Tutorial: Deploy an enterprise chat web app
Important
Items marked (preview) in this article are currently in public preview. This preview is provided without a service-level agreement, and we don't recommend it for production workloads. Certain features might not be supported or might have constrained capabilities. For more information, see Supplemental Terms of Use for Microsoft Azure Previews.
In this article, you deploy an enterprise chat web app that uses your own data with a large language model in Azure AI Foundry portal.
Your data source is used to help ground the model with specific data. Grounding means that the model uses your data to help it understand the context of your question. You're not changing the deployed model itself. Your data is stored separately and securely in your original data source
The steps in this tutorial are:
- Configure resources.
- Add your data.
- Test the model with your data.
- Deploy your web app.
Prerequisites
An Azure subscription - Create one for free.
A deployed Azure OpenAI chat model. Complete the Azure AI Foundry playground quickstart to create this resource if you haven't already.
A Search service connection to index the sample product data. If you don't have one, follow the steps to create and connect a search service.
A local copy of product data. The Azure-Samples/rag-data-openai-python-promptflow repository on GitHub contains sample retail product information that's relevant for this tutorial scenario. Specifically, the
product_info_11.md
file contains product information about the TrailWalker hiking shoes that's relevant for this tutorial example. Download the example Contoso Trek retail product data in a ZIP file to your local machine.A Microsoft.Web resource provider registered in the selected subscription, to be able to deploy to a web app. For more information on registering a resource provide, see Register resource provider.
Necessary permissions to add role assignments in your Azure subscription. Granting permissions by role assignment is only allowed by the Owner of the specific Azure resources.
Azure AI Foundry portal and Azure portal
In this tutorial, you perform some tasks in the Azure AI Foundry portal and some tasks in the Azure portal.
The Azure AI Foundry portal is a web-based environment for building, training, and deploying AI models. As a developer, it's where you will build and deploy your chat web application.
The Azure portal allows an administrator to manage and monitor Azure resources. As an administrator, you'll use the portal to configure settings for various Azure services required for access from the web app.
Configure resources
Important
You must have the necessary permissions to add role assignments in your Azure subscription. Granting permissions by role assignment is only allowed by the Owner of the specific Azure resources. You might need to ask your Azure subscription owner (who might be your IT admin) to complete this section for you.

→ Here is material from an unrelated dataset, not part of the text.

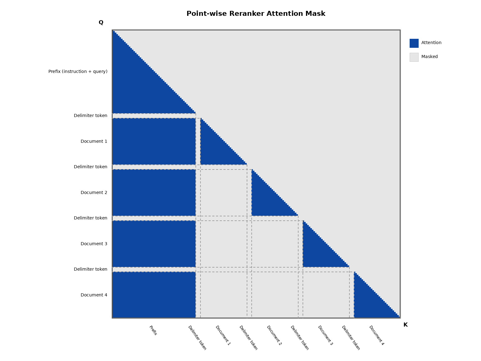 Here's how it works: we concatenate multiple (query, document) pairs into a single packed sequence, separated by a delimiter token. We then modify the attention mask so that tokens within each pair attend only to each other, while attention to tokens from other pairs is masked out entirely. This produces a block-diagonal attention pattern (see diagram below) — each document is scored in isolation, but we amortize the overhead of a model call across many pairs at once.
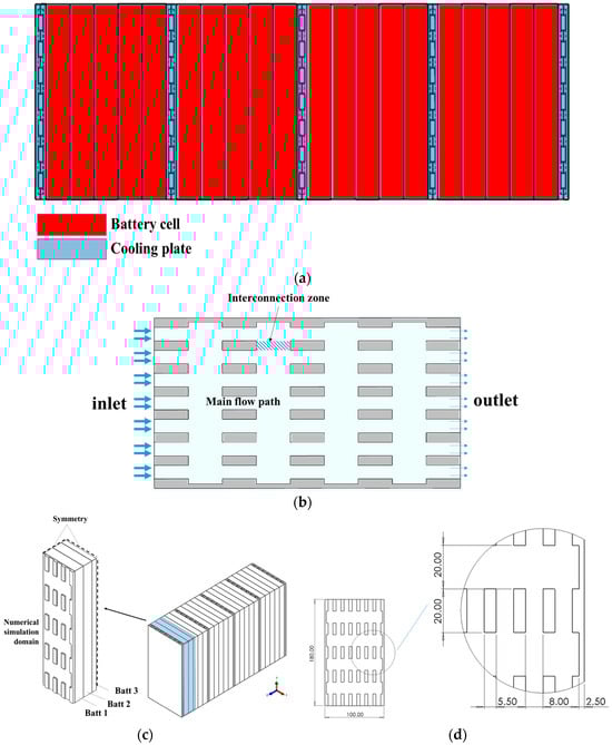 The straight-channel cooling plate design consists of seven rectangular channels, each 8 mm wide, 3 mm high, with a 5.5 mm spacing between channels. The module design and geometry, as shown in Figure 1a, is identical to the study by Liu et al. [15] and serves as the baseline for validating the present model and comparing the seven proposed designs. The interconnected modification being proposed in this study is explained diagrammatically and shown in Figure 1d.

In order for the resources to work correctly inside a web app, you need to configure them with the correct permissions. This work is done in the Azure portal.
To start, identify the resources you need to configure from the Azure AI Foundry portal.
Open the Azure AI Foundry portal and select the project you used to deploy the Azure OpenAI chat model.
Select Management center from the left pane.
Select Connected resources under your project.
Identify the three resources you need to configure: the Azure OpenAI, the Azure AI Search, and the Azure Blob storage that corresponds to your workspaceblobstore.
Tip
If you have multiple Azure OpenAI resources, use the one that contains your deployed chat model.
For each resource, select the link to open the resource details. From the details page, select the resource name to open the resource in the Azure portal. (For the workspaceblobstore, select View in Azure Portal).
After the browser tab opens, go back to the Azure AI Foundry portal and repeat the process for the next resource.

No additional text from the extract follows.